━━━━━ Available data

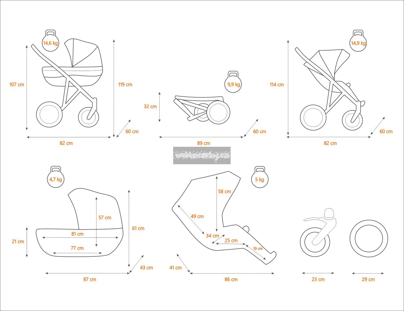 Podvozek, Hluboká korba, Sportovní sedačka s nánožníkem, Nákupní košík, Prostorná taška, Pláštěnka, Držák na láhev
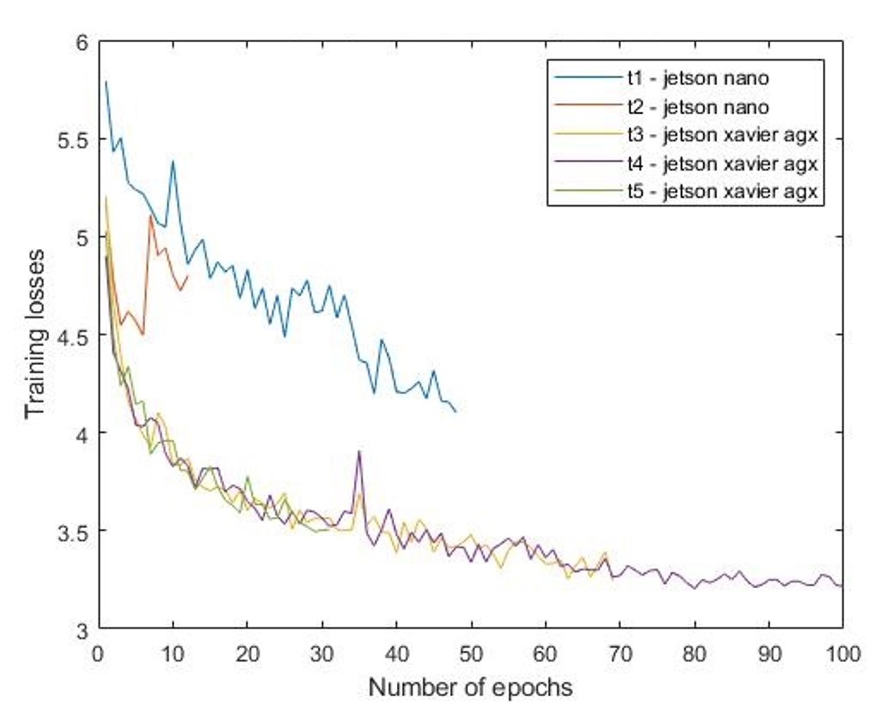 În primul rând, a fost testată rețeaua SSD-MobileNet v2. Utilizând TensorRT, se pot obține rezultate excelente de prelucrare în timp real: 16 cadre pe secundă (FPS). Cu toate acestea, performanțele în materie de detecție nu au fost satisfăcătoare; de aceea, am încercat să le îmbunătățim printr-un reglaj fin în cazul detectării fructelor. Astfel, pentru șapte tipuri dintre acestea (căpșune, portocale, mere, struguri, portocale, banane și pere), am făcut peste 5500 de fotografii, iar apoi am antrenat o nouă versiune a rețelei SSD-MobileNetv2, utilizând conceptul de transfer de cunoștințe și mediul de instruire furnizat de Nvidia. În total, au fost efectuate cinci antrenamente folosind două dispozitive diferite: Jetson Nano (două antrenamente), respectiv Jetson AGX Xavier (trei antrenamente), tabelul comparativ fiind prezentat în fig. [fig: ssd_results]. După cum reiese din grafic, pierderile medii ale rețelelor antrenate folosind Jetson Nano sunt mai mari încă de la început, în comparație cu cele ale rețelelor antrenate utilizând AGX Xavier. Nano nu este adecvat pentru antrenarea rețelelor neuronale profunde, deoarece unitatea de prelucrare grafică (GPU) nu are suficientă memorie și putere. Ca urmare, la un moment dat, se supraîncălzește și trebuie să se oprească. În schimb, Jetson AGX Xavier a avut un randament bun pe parcursul formării, însă s-a putut observa că, după atingerea unui anumit punct, rezultatele se plafonează, neputând fi îmbunătățite cu adevărat nici măcar după 30 de cicluri complete. Pentru antrenamente au fost utilizate următoarele configurații:
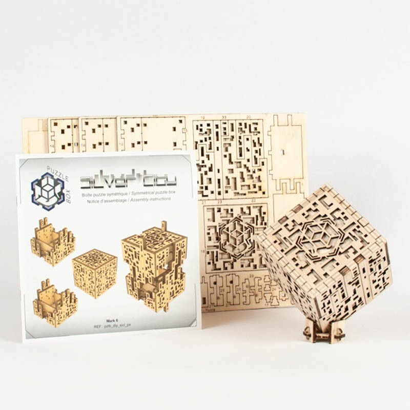 Construisez votre Silver City grâce à cette version en kit et amusez-vous à déjouer les pièges de ce cube énigmatique en contreplaqué de peuplier !
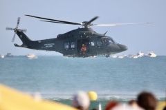 Dalle nostre spalle prende la scena del mare l’AgustaWestland AW129 Esercito Italiano (mangusta) un elicottero d’attacco leggero e molto aggressivo che mostra tutte le sue qualità di manovrabilità davanti ai nostri occhi; tocca poi alla demo SAR search and rescue operata dall’HH139 sempre dell’aeronautica militare.
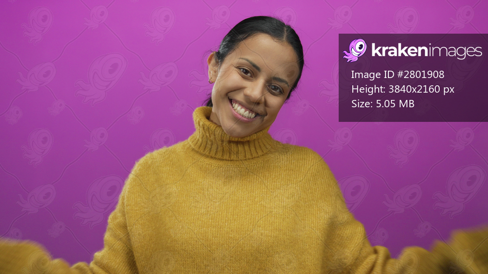 Hispanic woman smiling joyfully in a cozy yellow sweater with hands raised in excitement against a vibrant pink background, exuding happiness and positivity. - Kraken Images
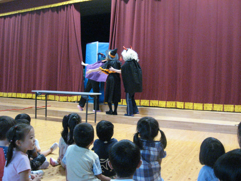 お楽しみは保育士によるマジックショーです。紐で瓶を持ち上げたり、首をグルグルと回したり、ハンカチを消してしまったり、人間を瞬間移動させたり・・・と子ども達はマジックの不思議さに引き寄せられて大盛り上がりでした。
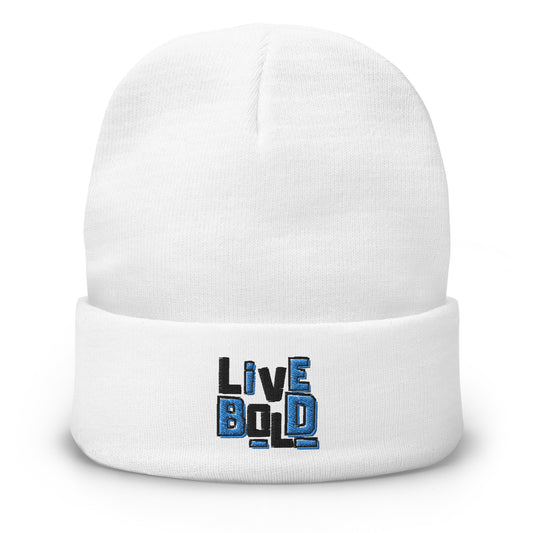 Live Bold - Embroidered Beanie (White)
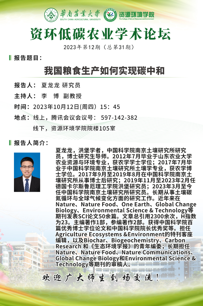 115周年校庆“学术华农”系列活动:农业环境保护论坛第19期暨低...
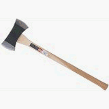 High-carbon steel forged head. Heat-treated with full ground edges. Fitted, wedged hickory handle. 34 IN handle, 3-1/2 lb. head.
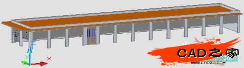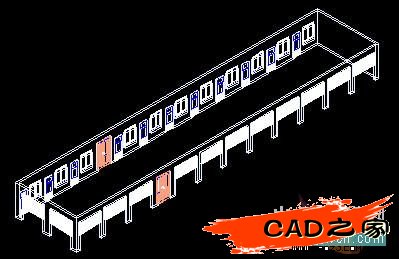 選擇自備圖庫的三維圖塊予以插入,比較方便。(沒有門窗三維塊的,可以在網上收集,當然也可自制。)其插入操作從略。經插入后的三維圖如圖8所示:

━━━━━━━━━━

Each entry, start to finish, goes into your copy exactly; the pictures stay out.

 Podvozek, Hluboká korba, Sportovní sedačka s nánožníkem, Nákupní košík, Prostorná taška, Pláštěnka, Držák na láhev
 În primul rând, a fost testată rețeaua SSD-MobileNet v2. Utilizând TensorRT, se pot obține rezultate excelente de prelucrare în timp real: 16 cadre pe secundă (FPS). Cu toate acestea, performanțele în materie de detecție nu au fost satisfăcătoare; de aceea, am încercat să le îmbunătățim printr-un reglaj fin în cazul detectării fructelor. Astfel, pentru șapte tipuri dintre acestea (căpșune, portocale, mere, struguri, portocale, banane și pere), am făcut peste 5500 de fotografii, iar apoi am antrenat o nouă versiune a rețelei SSD-MobileNetv2, utilizând conceptul de transfer de cunoștințe și mediul de instruire furnizat de Nvidia. În total, au fost efectuate cinci antrenamente folosind două dispozitive diferite: Jetson Nano (două antrenamente), respectiv Jetson AGX Xavier (trei antrenamente), tabelul comparativ fiind prezentat în fig. [fig: ssd_results]. După cum reiese din grafic, pierderile medii ale rețelelor antrenate folosind Jetson Nano sunt mai mari încă de la început, în comparație cu cele ale rețelelor antrenate utilizând AGX Xavier. Nano nu este adecvat pentru antrenarea rețelelor neuronale profunde, deoarece unitatea de prelucrare grafică (GPU) nu are suficientă memorie și putere. Ca urmare, la un moment dat, se supraîncălzește și trebuie să se oprească. În schimb, Jetson AGX Xavier a avut un randament bun pe parcursul formării, însă s-a putut observa că, după atingerea unui anumit punct, rezultatele se plafonează, neputând fi îmbunătățite cu adevărat nici măcar după 30 de cicluri complete. Pentru antrenamente au fost utilizate următoarele configurații:
 Construisez votre Silver City grâce à cette version en kit et amusez-vous à déjouer les pièges de ce cube énigmatique en contreplaqué de peuplier !
 Dalle nostre spalle prende la scena del mare l’AgustaWestland AW129 Esercito Italiano (mangusta) un elicottero d’attacco leggero e molto aggressivo che mostra tutte le sue qualità di manovrabilità davanti ai nostri occhi; tocca poi alla demo SAR search and rescue operata dall’HH139 sempre dell’aeronautica militare.
 Hispanic woman smiling joyfully in a cozy yellow sweater with hands raised in excitement against a vibrant pink background, exuding happiness and positivity. - Kraken Images
 お楽しみは保育士によるマジックショーです。紐で瓶を持ち上げたり、首をグルグルと回したり、ハンカチを消してしまったり、人間を瞬間移動させたり・・・と子ども達はマジックの不思議さに引き寄せられて大盛り上がりでした。
 Live Bold - Embroidered Beanie (White)
 115周年校庆“学术华农”系列活动:农业环境保护论坛第19期暨低...
 High-carbon steel forged head. Heat-treated with full ground edges. Fitted, wedged hickory handle. 34 IN handle, 3-1/2 lb. head.
 選擇自備圖庫的三維圖塊予以插入,比較方便。(沒有門窗三維塊的,可以在網上收集,當然也可自制。)其插入操作從略。經插入后的三維圖如圖8所示:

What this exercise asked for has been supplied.